» **Your task**:
Would you transcribe the records below from the line with "- Эргономичный дизайн" to the line with "国語科・英語科・家庭科など、", ends included, exactly and with nothing more, leaving the pictures out?

[Stored data]

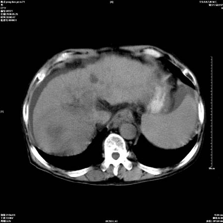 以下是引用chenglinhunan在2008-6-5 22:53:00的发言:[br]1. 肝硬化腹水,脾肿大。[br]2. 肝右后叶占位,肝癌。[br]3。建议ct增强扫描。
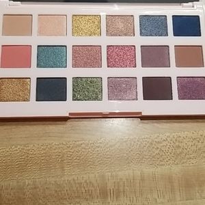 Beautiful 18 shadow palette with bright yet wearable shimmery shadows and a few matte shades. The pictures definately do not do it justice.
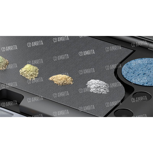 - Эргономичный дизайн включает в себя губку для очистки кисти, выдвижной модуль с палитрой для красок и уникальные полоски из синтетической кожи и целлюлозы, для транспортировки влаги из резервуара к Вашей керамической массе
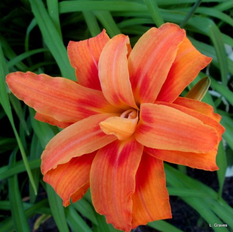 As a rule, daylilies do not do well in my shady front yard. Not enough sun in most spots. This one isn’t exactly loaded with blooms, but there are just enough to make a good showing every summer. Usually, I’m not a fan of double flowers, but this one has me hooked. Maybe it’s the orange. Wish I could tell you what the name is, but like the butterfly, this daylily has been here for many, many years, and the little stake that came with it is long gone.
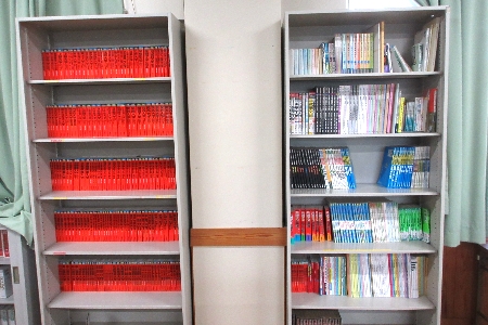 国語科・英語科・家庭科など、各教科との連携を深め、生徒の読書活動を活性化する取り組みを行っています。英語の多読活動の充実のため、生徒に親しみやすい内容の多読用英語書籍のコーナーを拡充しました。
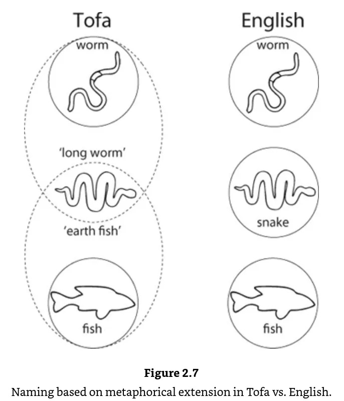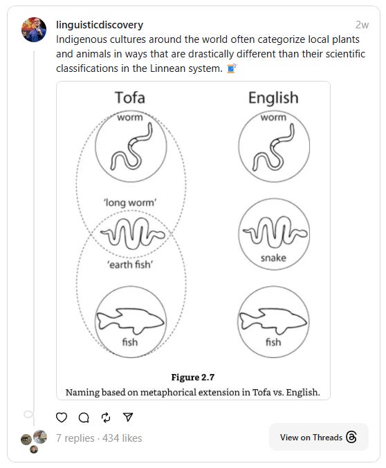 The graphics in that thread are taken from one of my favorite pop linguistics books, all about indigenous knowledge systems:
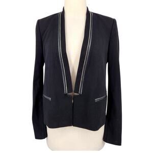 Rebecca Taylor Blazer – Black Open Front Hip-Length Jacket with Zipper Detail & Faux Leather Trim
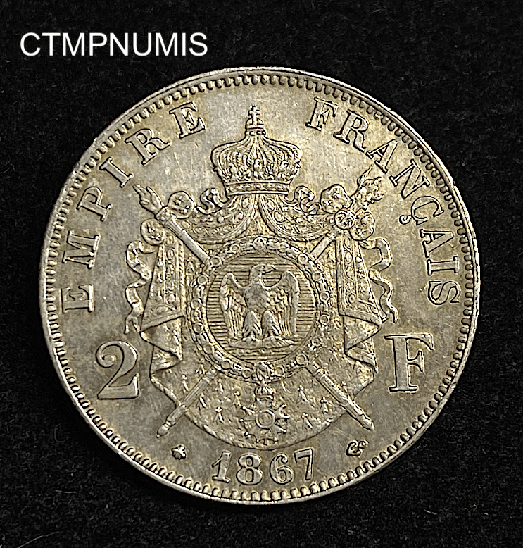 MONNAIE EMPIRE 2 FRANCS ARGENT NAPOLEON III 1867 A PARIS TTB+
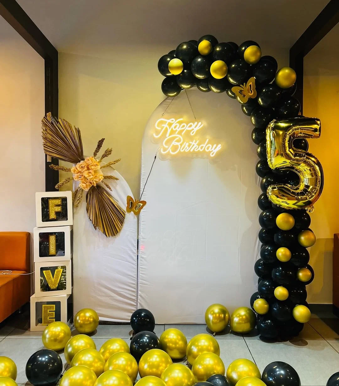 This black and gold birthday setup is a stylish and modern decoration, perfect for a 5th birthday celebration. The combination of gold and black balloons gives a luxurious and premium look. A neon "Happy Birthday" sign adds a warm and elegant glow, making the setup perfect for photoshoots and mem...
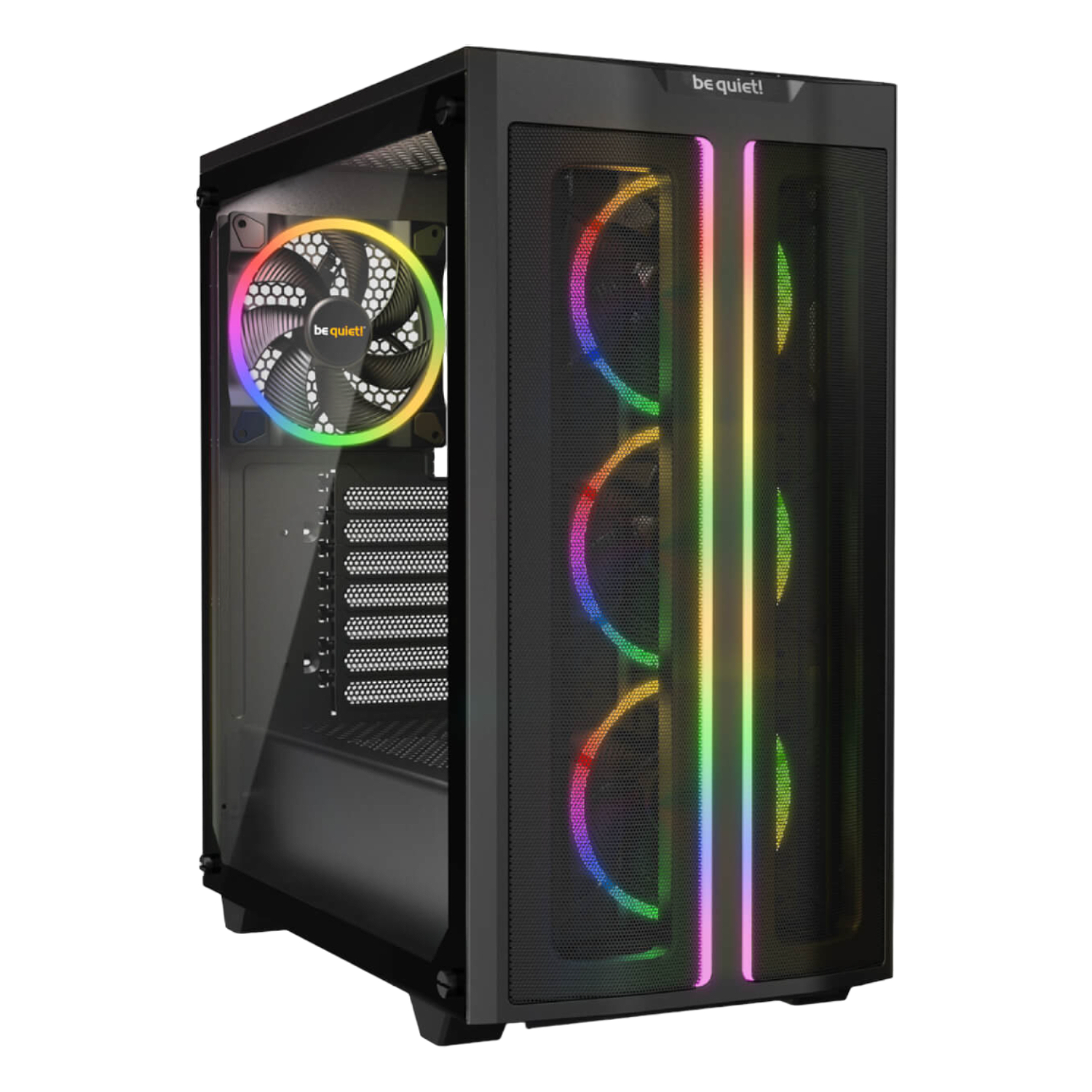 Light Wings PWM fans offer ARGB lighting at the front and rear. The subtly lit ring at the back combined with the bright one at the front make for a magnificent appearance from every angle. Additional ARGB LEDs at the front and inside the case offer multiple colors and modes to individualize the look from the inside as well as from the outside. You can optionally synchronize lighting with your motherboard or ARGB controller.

» **Exercise output**:
 - Эргономичный дизайн включает в себя губку для очистки кисти, выдвижной модуль с палитрой для красок и уникальные полоски из синтетической кожи и целлюлозы, для транспортировки влаги из резервуара к Вашей керамической массе
 As a rule, daylilies do not do well in my shady front yard. Not enough sun in most spots. This one isn’t exactly loaded with blooms, but there are just enough to make a good showing every summer. Usually, I’m not a fan of double flowers, but this one has me hooked. Maybe it’s the orange. Wish I could tell you what the name is, but like the butterfly, this daylily has been here for many, many years, and the little stake that came with it is long gone.
 国語科・英語科・家庭科など、各教科との連携を深め、生徒の読書活動を活性化する取り組みを行っています。英語の多読活動の充実のため、生徒に親しみやすい内容の多読用英語書籍のコーナーを拡充しました。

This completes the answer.